Records for the task
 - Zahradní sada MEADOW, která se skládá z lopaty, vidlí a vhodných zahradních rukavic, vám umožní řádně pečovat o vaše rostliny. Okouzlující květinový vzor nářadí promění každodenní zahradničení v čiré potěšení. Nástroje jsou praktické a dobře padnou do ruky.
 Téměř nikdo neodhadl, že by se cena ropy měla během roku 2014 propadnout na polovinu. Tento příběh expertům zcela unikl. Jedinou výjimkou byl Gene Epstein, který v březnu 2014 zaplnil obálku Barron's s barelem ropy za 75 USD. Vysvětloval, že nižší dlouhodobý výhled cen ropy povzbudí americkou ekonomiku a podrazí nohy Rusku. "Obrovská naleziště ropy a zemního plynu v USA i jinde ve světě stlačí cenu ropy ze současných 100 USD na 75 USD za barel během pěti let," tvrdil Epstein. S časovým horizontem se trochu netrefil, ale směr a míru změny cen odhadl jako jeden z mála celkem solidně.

==

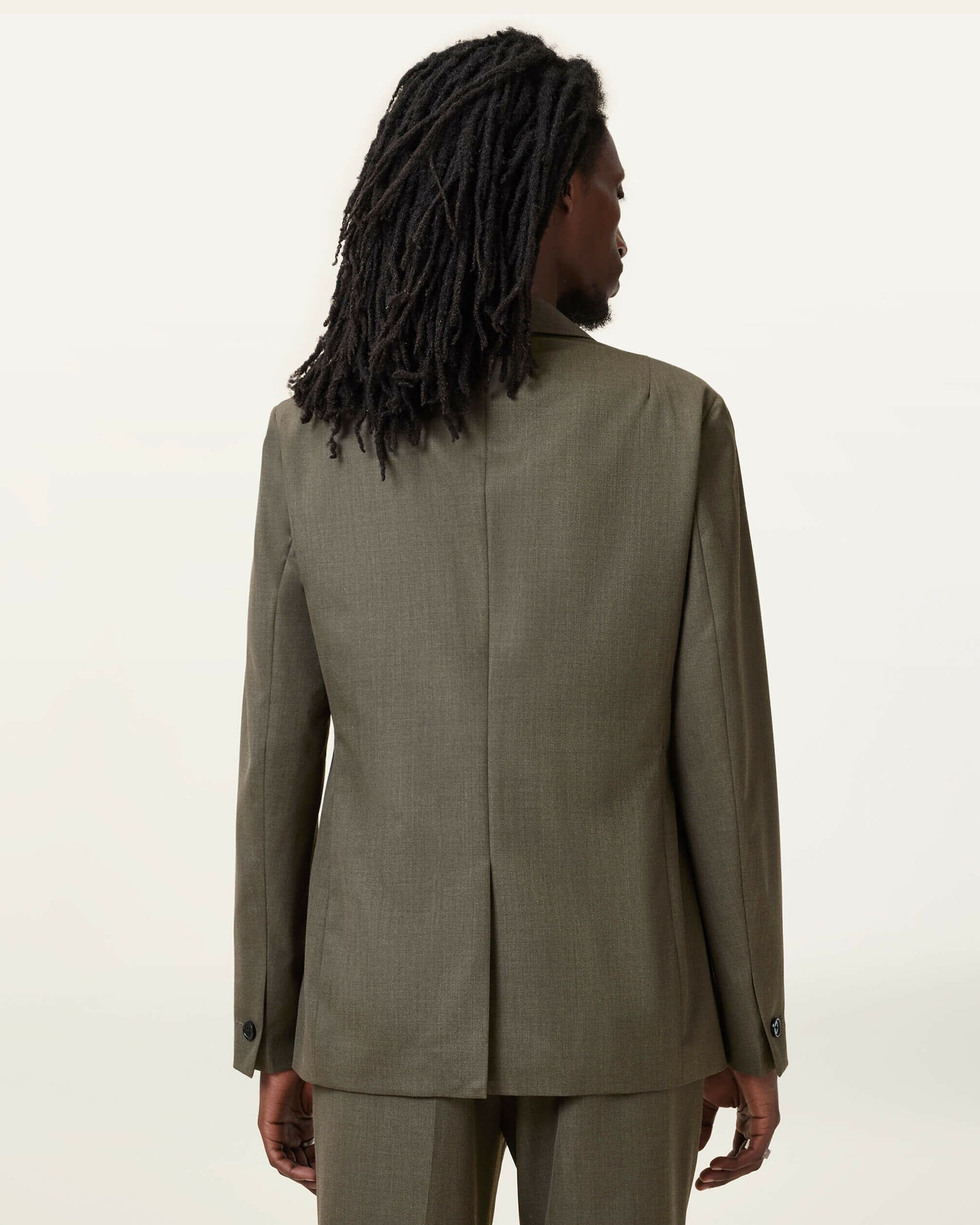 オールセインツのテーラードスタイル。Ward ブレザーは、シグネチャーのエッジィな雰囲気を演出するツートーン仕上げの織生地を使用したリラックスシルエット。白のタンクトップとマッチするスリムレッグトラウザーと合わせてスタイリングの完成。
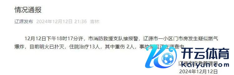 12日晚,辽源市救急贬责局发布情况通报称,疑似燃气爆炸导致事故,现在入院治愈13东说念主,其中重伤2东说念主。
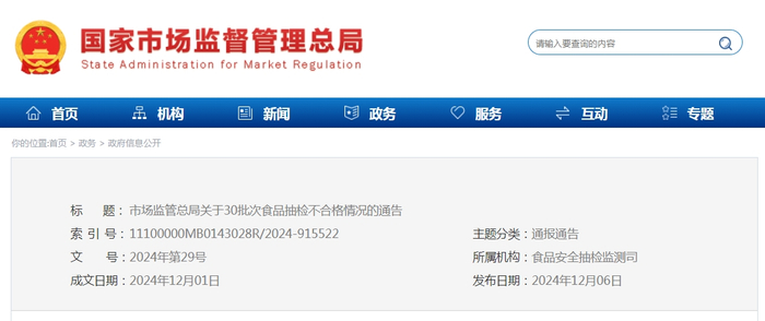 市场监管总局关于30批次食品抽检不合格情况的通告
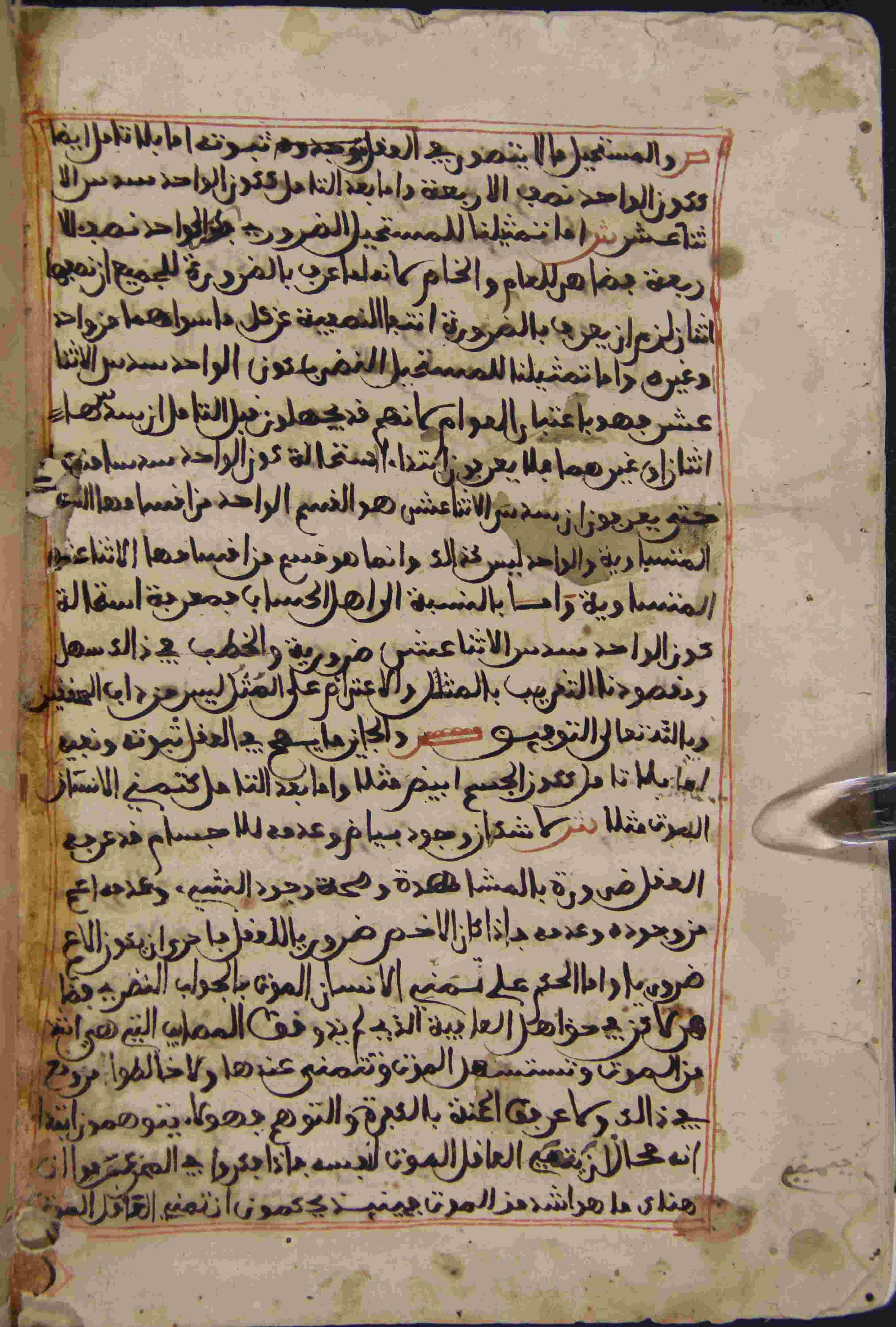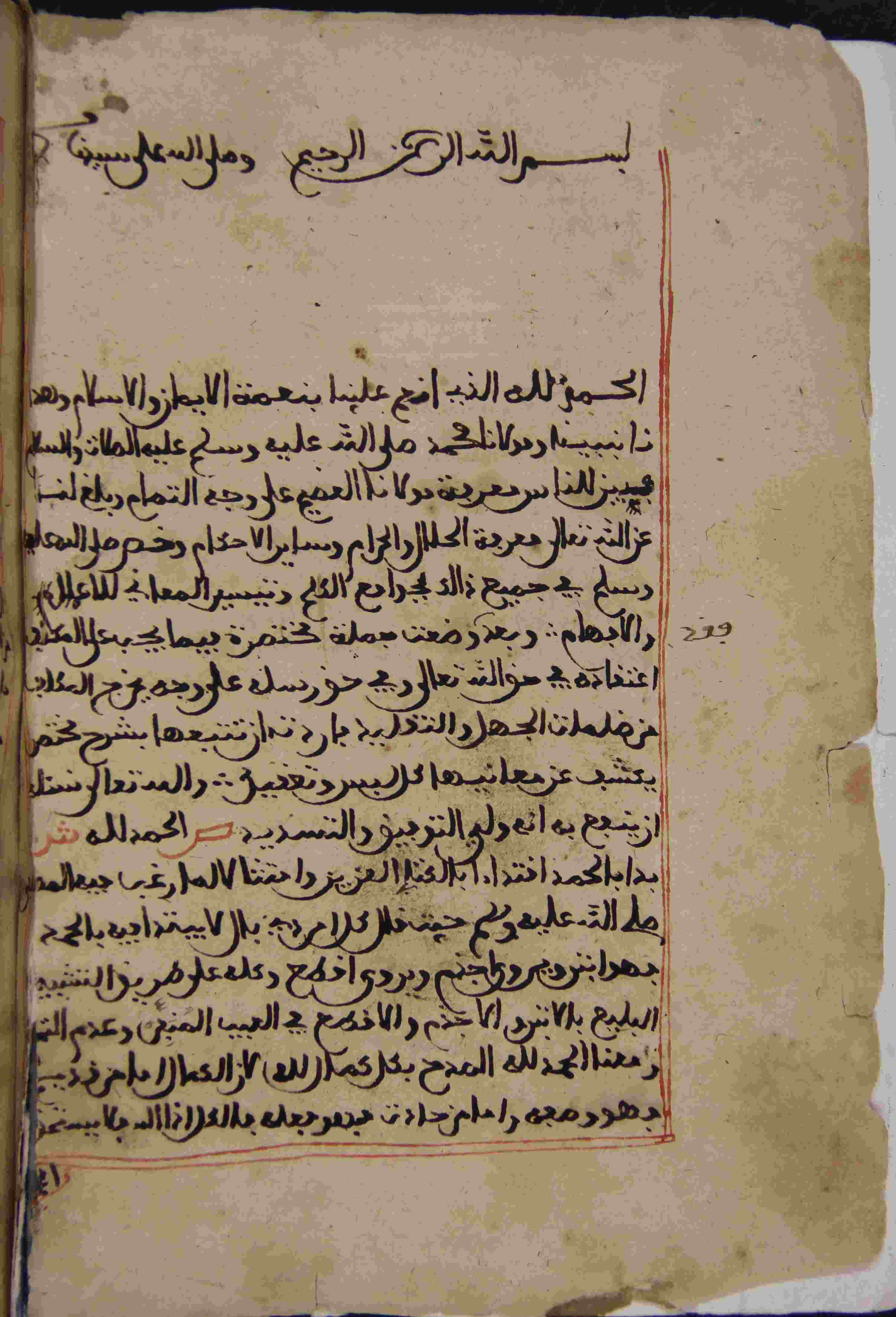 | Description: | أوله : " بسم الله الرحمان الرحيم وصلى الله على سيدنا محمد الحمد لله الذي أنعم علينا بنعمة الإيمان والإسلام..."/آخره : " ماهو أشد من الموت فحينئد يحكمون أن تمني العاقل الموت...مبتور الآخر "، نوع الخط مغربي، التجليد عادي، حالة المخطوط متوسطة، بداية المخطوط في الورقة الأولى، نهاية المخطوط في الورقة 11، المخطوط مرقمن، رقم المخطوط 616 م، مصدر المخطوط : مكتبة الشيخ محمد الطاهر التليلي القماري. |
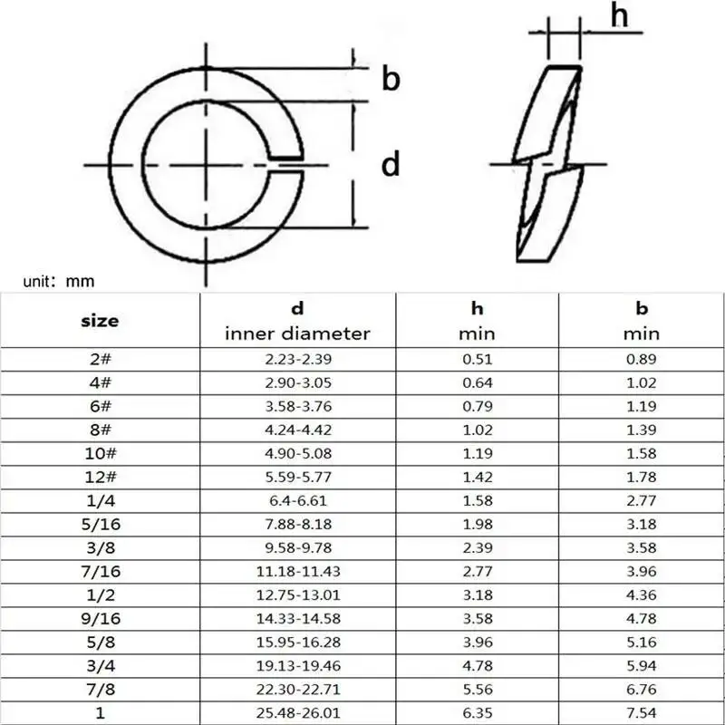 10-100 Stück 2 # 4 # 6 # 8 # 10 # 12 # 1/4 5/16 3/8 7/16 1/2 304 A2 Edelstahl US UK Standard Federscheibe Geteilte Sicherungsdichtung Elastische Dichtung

Task to complete
Return only the stretch above from the line containing "التليلي القماري. |" through the line containing "10-100 Stück 2", word for word and without pictures.

Task solution
 | Description: | أوله : " بسم الله الرحمان الرحيم وصلى الله على سيدنا محمد الحمد لله الذي أنعم علينا بنعمة الإيمان والإسلام..."/آخره : " ماهو أشد من الموت فحينئد يحكمون أن تمني العاقل الموت...مبتور الآخر "، نوع الخط مغربي، التجليد عادي، حالة المخطوط متوسطة، بداية المخطوط في الورقة الأولى، نهاية المخطوط في الورقة 11، المخطوط مرقمن، رقم المخطوط 616 م، مصدر المخطوط : مكتبة الشيخ محمد الطاهر التليلي القماري. |
 10-100 Stück 2 # 4 # 6 # 8 # 10 # 12 # 1/4 5/16 3/8 7/16 1/2 304 A2 Edelstahl US UK Standard Federscheibe Geteilte Sicherungsdichtung Elastische Dichtung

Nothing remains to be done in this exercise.